## TASK REQUIREMENTS:
Give back only the lines in the records below from the one with "En el caso de" to the one with "5月13日,沾益区红十字会邀", both inclusive, word for word.

## INFORMATION SHOWN:
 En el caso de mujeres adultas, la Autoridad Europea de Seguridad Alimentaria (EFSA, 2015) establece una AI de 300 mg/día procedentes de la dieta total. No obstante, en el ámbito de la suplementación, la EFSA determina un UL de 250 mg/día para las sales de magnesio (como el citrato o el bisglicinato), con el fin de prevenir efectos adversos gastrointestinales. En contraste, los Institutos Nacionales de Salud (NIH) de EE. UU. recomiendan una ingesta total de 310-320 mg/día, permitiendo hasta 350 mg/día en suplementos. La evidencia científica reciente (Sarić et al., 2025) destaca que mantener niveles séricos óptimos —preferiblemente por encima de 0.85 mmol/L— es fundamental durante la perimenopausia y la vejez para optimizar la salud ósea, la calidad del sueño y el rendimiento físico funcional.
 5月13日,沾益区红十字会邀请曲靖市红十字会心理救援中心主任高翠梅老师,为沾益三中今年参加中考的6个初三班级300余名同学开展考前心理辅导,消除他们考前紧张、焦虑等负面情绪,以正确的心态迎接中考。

* * *

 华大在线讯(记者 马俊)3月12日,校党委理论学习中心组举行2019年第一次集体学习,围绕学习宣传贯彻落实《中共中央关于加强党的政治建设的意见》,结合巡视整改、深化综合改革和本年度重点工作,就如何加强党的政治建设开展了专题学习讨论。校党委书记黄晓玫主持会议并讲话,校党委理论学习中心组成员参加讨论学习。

## TASK RESULT:
 En el caso de mujeres adultas, la Autoridad Europea de Seguridad Alimentaria (EFSA, 2015) establece una AI de 300 mg/día procedentes de la dieta total. No obstante, en el ámbito de la suplementación, la EFSA determina un UL de 250 mg/día para las sales de magnesio (como el citrato o el bisglicinato), con el fin de prevenir efectos adversos gastrointestinales. En contraste, los Institutos Nacionales de Salud (NIH) de EE. UU. recomiendan una ingesta total de 310-320 mg/día, permitiendo hasta 350 mg/día en suplementos. La evidencia científica reciente (Sarić et al., 2025) destaca que mantener niveles séricos óptimos —preferiblemente por encima de 0.85 mmol/L— es fundamental durante la perimenopausia y la vejez para optimizar la salud ósea, la calidad del sueño y el rendimiento físico funcional.
 5月13日,沾益区红十字会邀请曲靖市红十字会心理救援中心主任高翠梅老师,为沾益三中今年参加中考的6个初三班级300余名同学开展考前心理辅导,消除他们考前紧张、焦虑等负面情绪,以正确的心态迎接中考。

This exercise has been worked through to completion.